The value of h(t) when [tex]t=\frac{15}{32}[/tex] is 10.02.
Solution:
Given function [tex]h(t)=-16t^2+15t+6.5[/tex]
To find the value of h(t) when [tex]t=\frac{15}{32}[/tex]:
[tex]h(t)=-16t^2+15t+6.5[/tex]
Substitute [tex]t=\frac{15}{32}[/tex] in the given function.
[tex]$h\left(\frac{15}{32} \right)=-16\left(\frac{15}{32} \right)^2+15\left(\frac{15}{32} \right)+6.5[/tex]

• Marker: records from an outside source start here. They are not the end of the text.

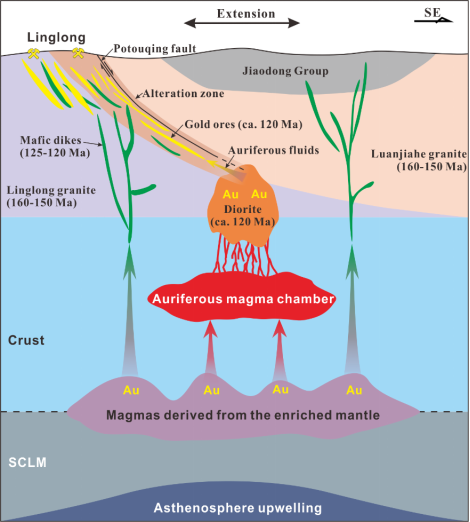 近年来华北克拉通胶东地区深部找矿勘查工作取得一系列重要突破,新增黄金资源量超过2000吨。其中玲珑矿田深部钻探工程在地表2000m以下揭露出发育浸染状黄铁矿的闪长岩,平均含金0.32克/吨(局部达7.59克/吨)。中国地质大学(武汉)李建威教授团队以玲珑矿田谢家含矿闪长岩和破头青断裂含矿蚀变岩为研究对象,系统开展了成岩-成矿年代学、岩石地球化学、矿床地球化学等研究工作,厘定出谢家闪长岩侵位、闪长岩金矿化以及破头青断裂金矿化均发生于120 Ma左右(图1),查明闪长岩岩浆起源于富集岩石圈地幔,揭示玲珑矿田金矿化的成矿流体与成矿物质主要来源于以闪长岩为代表的岩浆活动(图2)。研究成果证实了华北克拉通破坏峰期的巨量金矿化与幔源岩浆作用密切相关,阐述了岩浆演化、流体出溶及矿质沉淀的过程,并强调了富集地幔和构造活动对胶东地区爆发性金成矿的关键作用。此外,研究成果提出的成矿模式对认识类似构造背景下(古老克拉通发生破坏或改造作用)金矿床的成因有一定借鉴意义,如北美克拉通西部的内华达州卡林型金矿床。
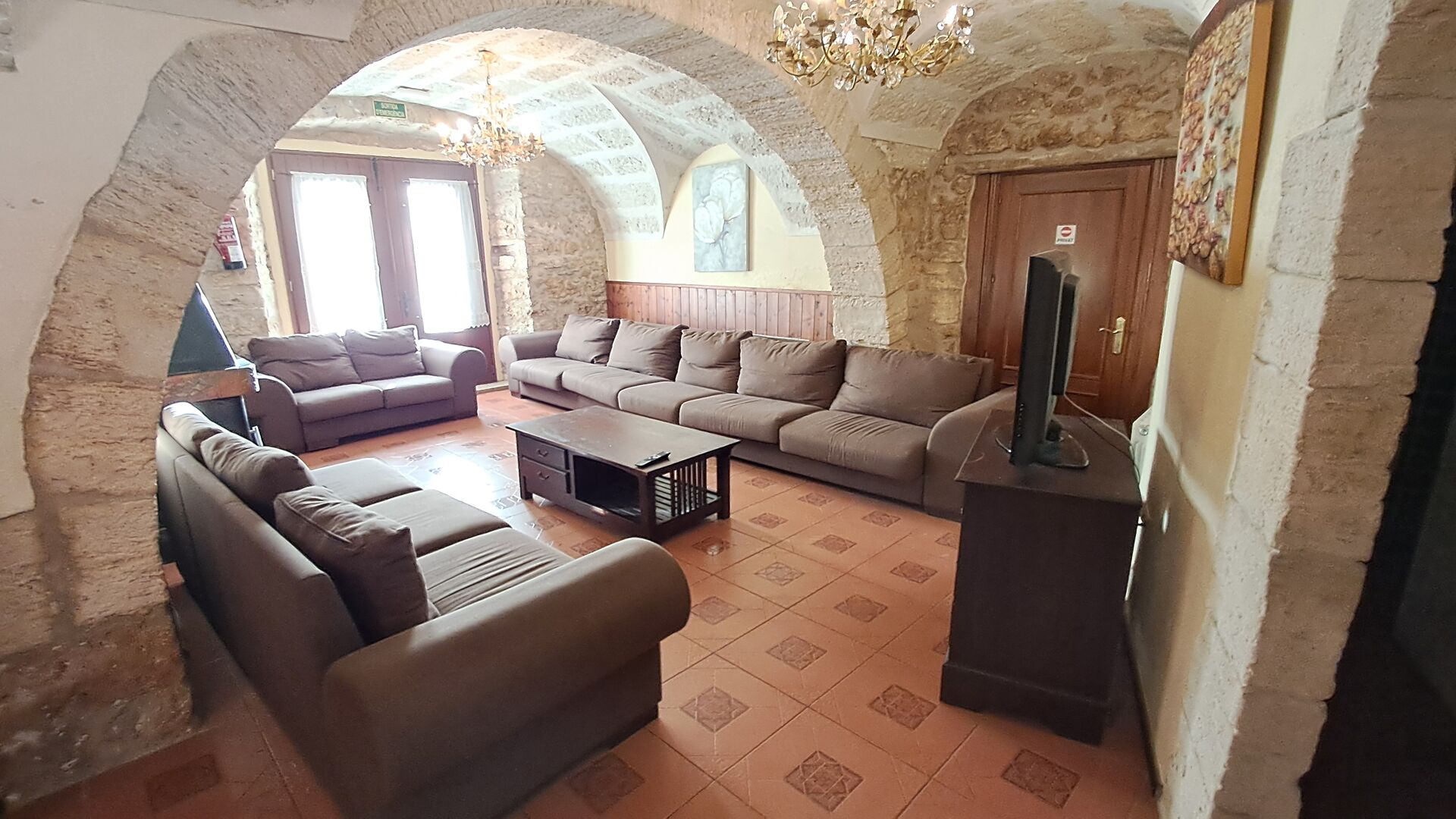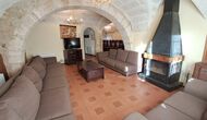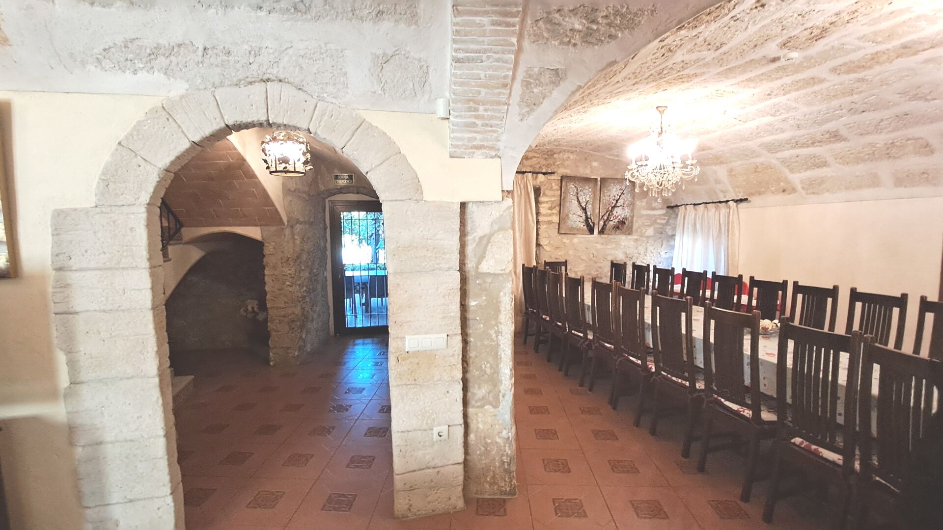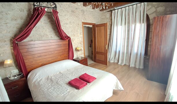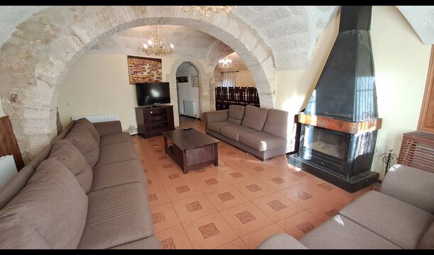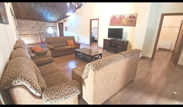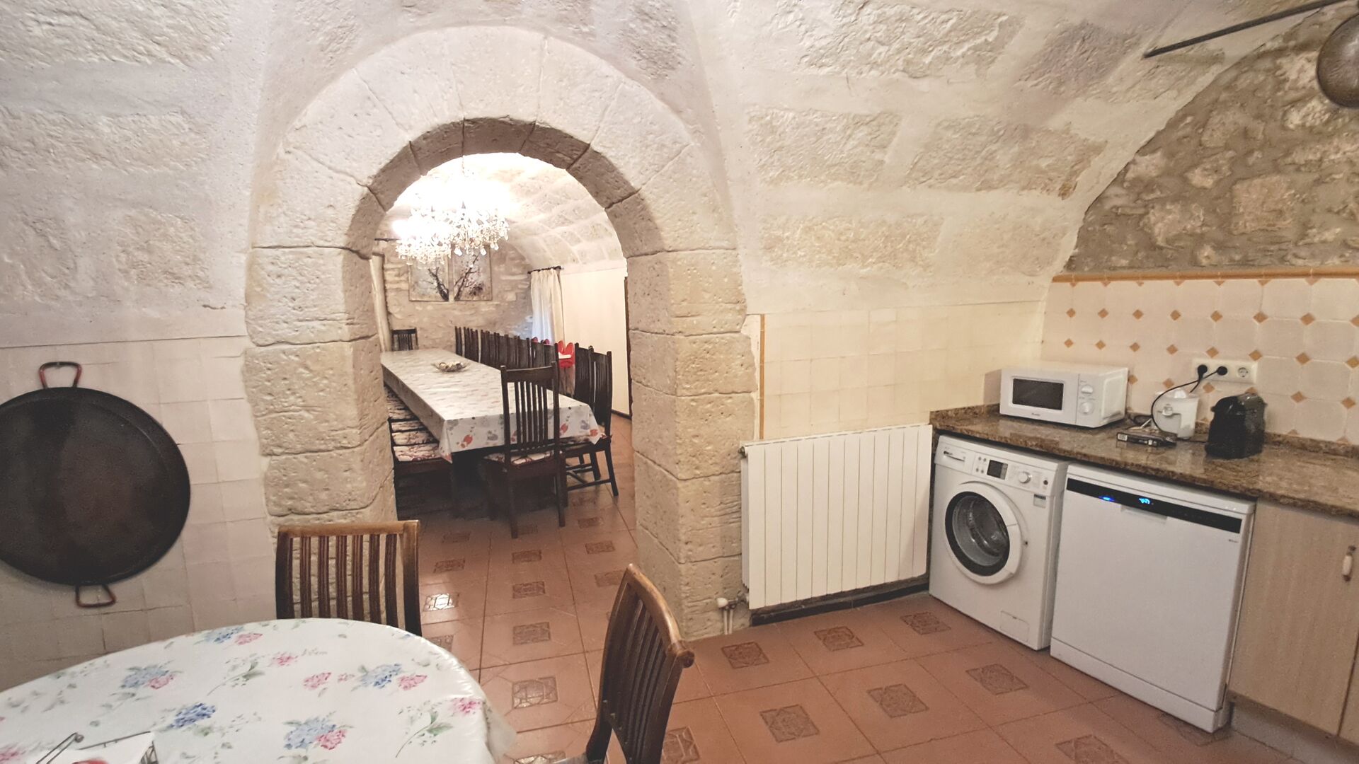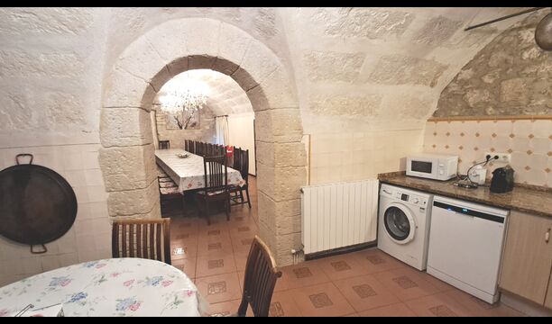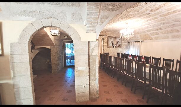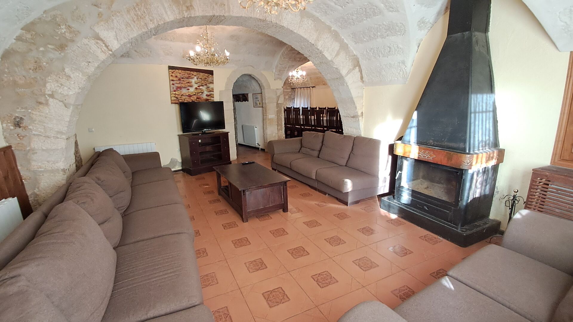 La maison est située à côté de la grande église de la ville et vous entrez dans la maison de vacances directement depuis la magnifique place de l'église. Lorsque vous entrez dans la Masia de las Flores, qui mesure 710 m2, vous rencontrez un beau salon avec de grands canapés confortables et une télévision à écran plat. L'intérieur de la maison est très beau: le plafond incurvé et les belles portes cintrées créent une atmosphère agréable et spacieuse. Ici, au rez-de-chaussée, il y a aussi une cuisine et une longue table à manger.
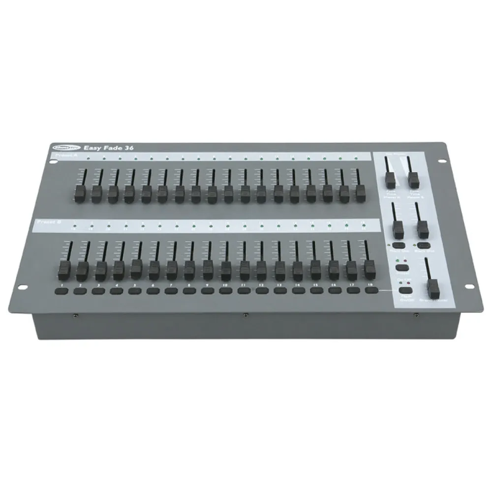 Das Easy Fade 36 ist ein Double-Preset-Mischpult mit zwei Gruppen à achtzehn Kanälen. Das Mischpult kann entweder als Double-Preset-Mischpult mit achtzehn Kanälen oder als Single-Preset-Mischpult mit sechsunddreißig Kanälen genutzt werden.
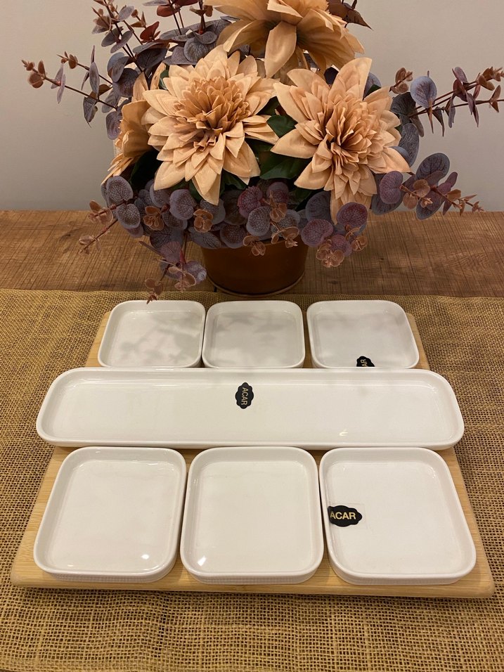 Yeni ve etiketli,alttaki ahşap 360 derece dönerlidir.Acar Home marka beyaz renk çerezlik/kahvaltılık seti. Şık sunumlar için idealdir.
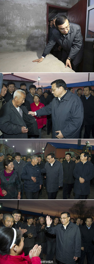 ????4日,天色漸晚,李克強來到同江銀川鄉(xiāng)幸福大院安置點,這里剛為受災特困戶和五保戶建起安置房。李克強說,黑龍江冬天冰天雪地,最怕冷。政府要安置好困難群眾,讓大家有地方住,溫暖過冬。冬天過暖和了,來年也一定有好春天,一定有好日子。 新華社記者?黃敬文 攝
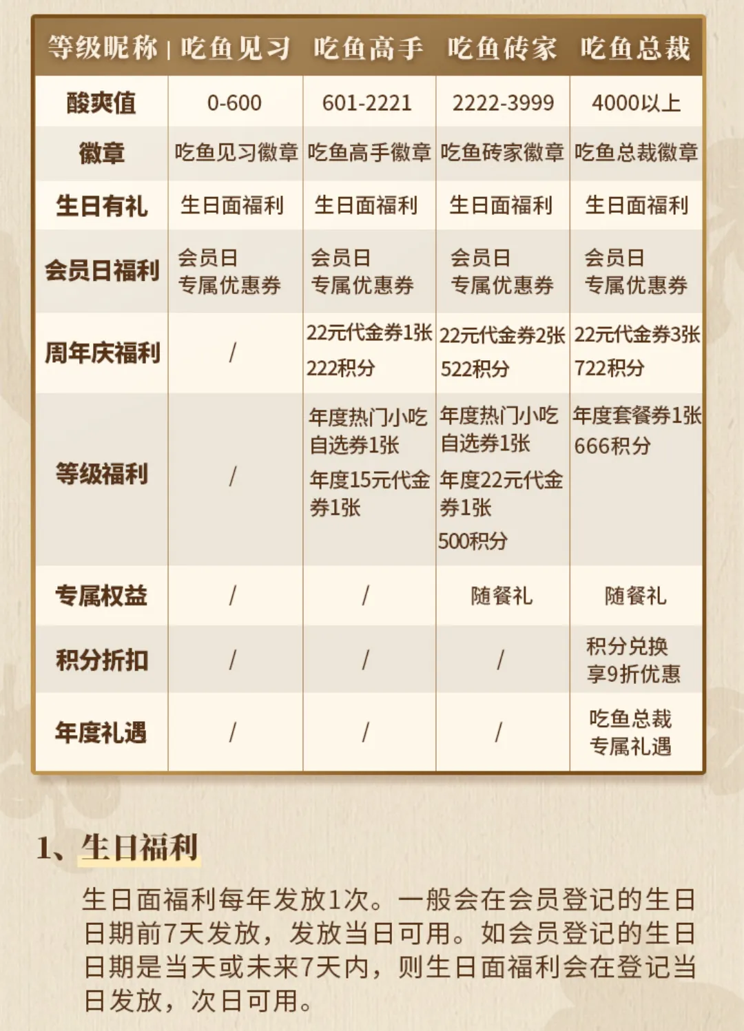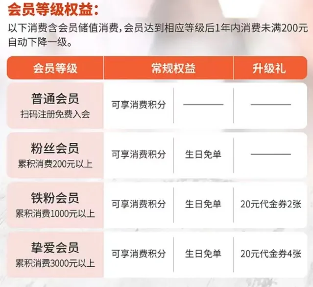 ✅生日礼券:粉丝级以上会员每年生日的前7日内任意一天自动赠送生日免单券1张,有效期自发券之日起15天。(累计消费需要达到一定金额哦~)
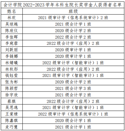 根据《广东财经大学本科学生奖学金评选办法》的奖励标准确定,我院2022-2023学年符合参评人数为1188人,院长奖学金名额为18名。经学生提交申请,学院组织答辩大会,申请的学生进行答辩,并经学院党政联席会议研究,现将成功当选的候选人最终成绩公布如下:

[tex]$=-16\left(\frac{225}{1024} \right)+15\left(\frac{15}{32} \right)+6.5[/tex]
Now multiply the common terms into inside the bracket.
[tex]$=-\left(\frac{3600}{1024} \right)+\left(\frac{225}{32} \right)+6.5[/tex]
Now, in the first term, the numerator and denominator both have common factor 16. So reduce the first term into the lowest term.
[tex]$=-\left(\frac{225}{64} \right)+\left(\frac{225}{32} \right)+6.5[/tex]
To make the denominator same, take LCM of the denominators.
LCM of 64 and 32 = 64
[tex]$=-\left(\frac{225}{64} \right)+\left(\frac{225\times2}{32\times2} \right)+6.5\times\frac{64}{64}[/tex]
[tex]$=-\frac{225}{64} +\frac{450}{64}+\frac{416}{64}[/tex]
[tex]$=\frac{-225+450+416}{64}[/tex]
[tex]$=\frac{641}{64}[/tex]
= 10.02
[tex]$h\left(\frac{15}{32} \right)=10.02[/tex]
Hence the value of h(t) when [tex]t=\frac{15}{32}[/tex] is 10.02.